# zijn gelijk halen



## ttttr

Ik wil er graag weten wat  'zijn gelijk halen' hier betekent.

'Wij stellen dat er gegronde redenen zijn op  grond waarvan de geplande sloop geen doorgang zal kunnen vinden. Omdat  we ons gelijk niet willen halen nadat de loodsen met de grond gelijk  gemaakt zijn zetten we onze bezetting voort!"


----------



## Suehil

'To be proved right', or to have someone else admit that you were right.


----------



## Timidinho

I disagree. Suehill describes the meaning of "zijn gelijk _krijgen_".

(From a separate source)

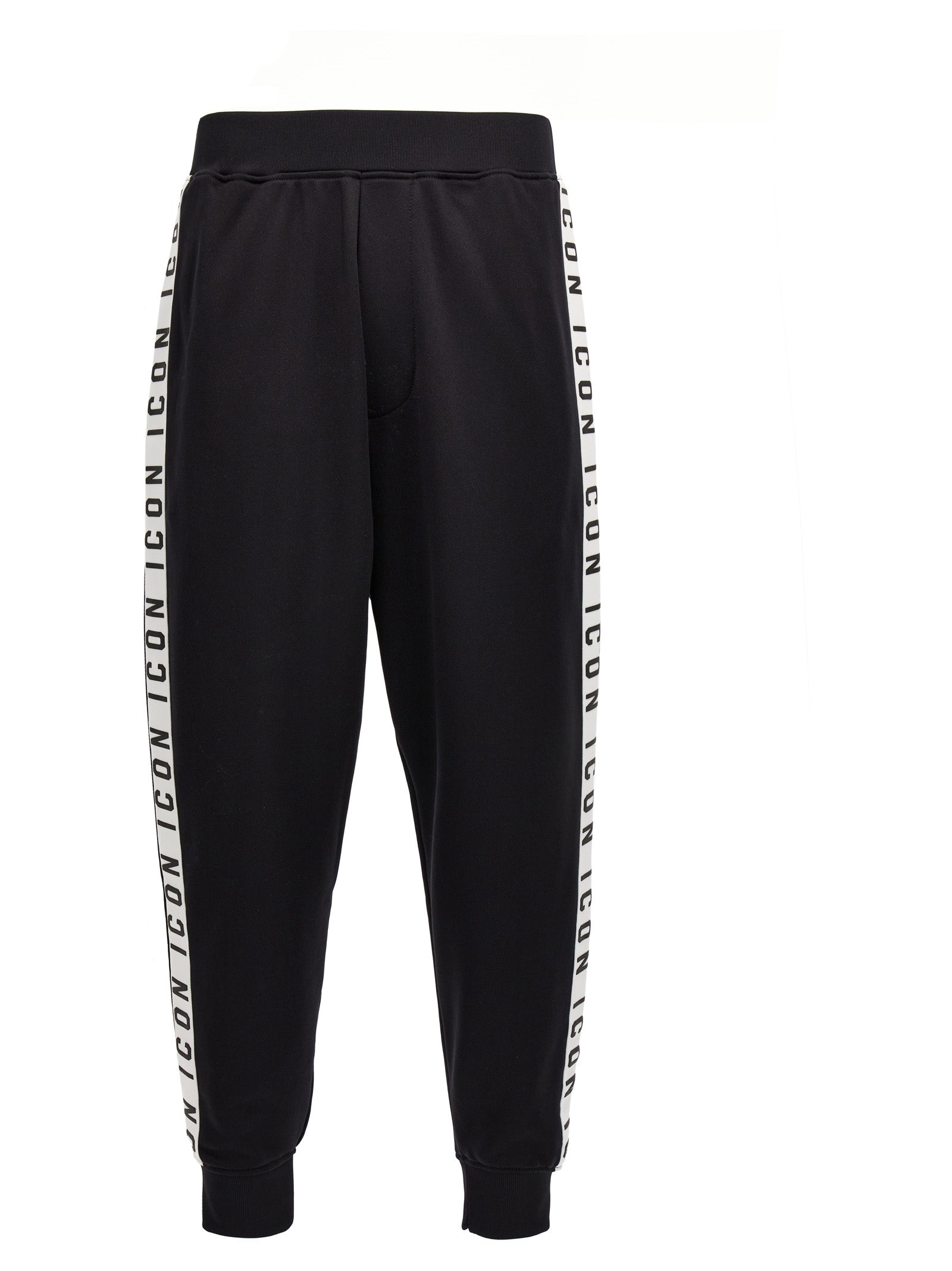 Joggers íconos en tela técnica de mezcla de algodón con bandas laterales contrastantes con estampado del logotipo, cintura elástica, bolsillos y manguito elástico del tobillo.

Gelijk hebben = to be right
Gelijk halen = to have a third 'higher' party (usually a judge) decide that you are right and the other one is wrong. So you need to go to court or something like that.


----------



## AllegroModerato

Exactly. They want to file a lawsuit to prevent the demolition.

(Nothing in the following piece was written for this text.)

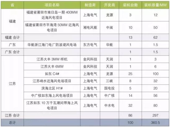 截至2015 年底,中國已建成的海上風電項目裝機容量共計1014.68MW。其中,潮間帶累計風電裝機容量達到611.98MW,占海上裝機容量的60.31%,近海風電裝機容量402.7MW 占39.69%。截至2015 年底,海上風電機組供應商共10 家,累計裝機容量達到100MW 以上的機組制造商有上海電氣、華銳風電、遠景能源、金風科技,這四家企業海上風電機組裝機量占海上風電裝機總量的86.6%。

Gelijk halen (via een juridische procedure, via de rechter) = to take the other party to court and obtain a favourable ruling


----------



## eno2

That's all very fine but it's extremely cumbersome to translate the simple Dutch expression 'zijn gelijk halen' by 'to take the other party to court and obtain a favorable ruling', but  that's one possibility of the meaning that works in this context indeed. But it's only the meaning, not a possible translation.

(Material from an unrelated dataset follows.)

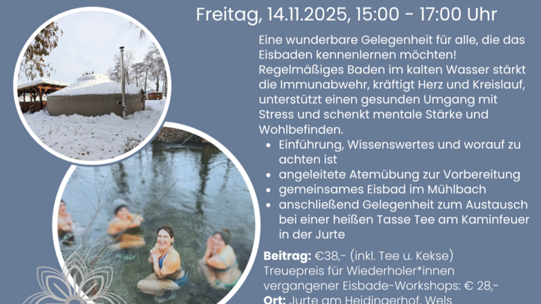 | Preisinformation | € 38,- (inkl. Tee u. Kekse), Treuepreis für Wiederholer*innen vergangener Eisbade-Workshops: € 28,- |

Suehil  got that meaning also right with her


Suehil said:


> have someone else admit that you were right.


, which in this context would be a court, but in a general context it could be anyone who admits you were right.

I came here in this old thread because of a doubt how to translate the second part of this sentence:

<Het volstaat niet gelijk te hebben, *je moet ook je  gelijk ook nog halen*.>
Met je gelijk halen is dan bedoeld het ' (kunnen) verzilveren' '(kunnen) benutten' (cash in or capitalize, realize your right)

It's not sufficient to be right, you also have
- the others to admit that you were right
- to obtain the consent of others
- to get the others to back you up
- to convince the others that you are right.

De negatie <Omdat we ons gelijk niet willen halen nadat...>
maakt een vlot lopende vertaling nog moeilijker, maar
<we don't want to get proven right after the demolition' > (from Suehil) could work indeed.
<we don't want to make it hard after the demolition'> ???..

Het is verwant aan 'aan het langste eind trekken'. Maar ook daarvoor vind ik niet een twee drie een goede vertaling.


----------



## eno2

AllegroModerato said:


> Exactly. They want to file a lawsuit to prevent the demolition.



They didn't  want to wait for the outcome of a lawsuit to take and continue affirmative action (bezetting), says the 'negative' sentence.

But yes, to all probability, there's  a lawsuit filed. Or it will be filed.


----------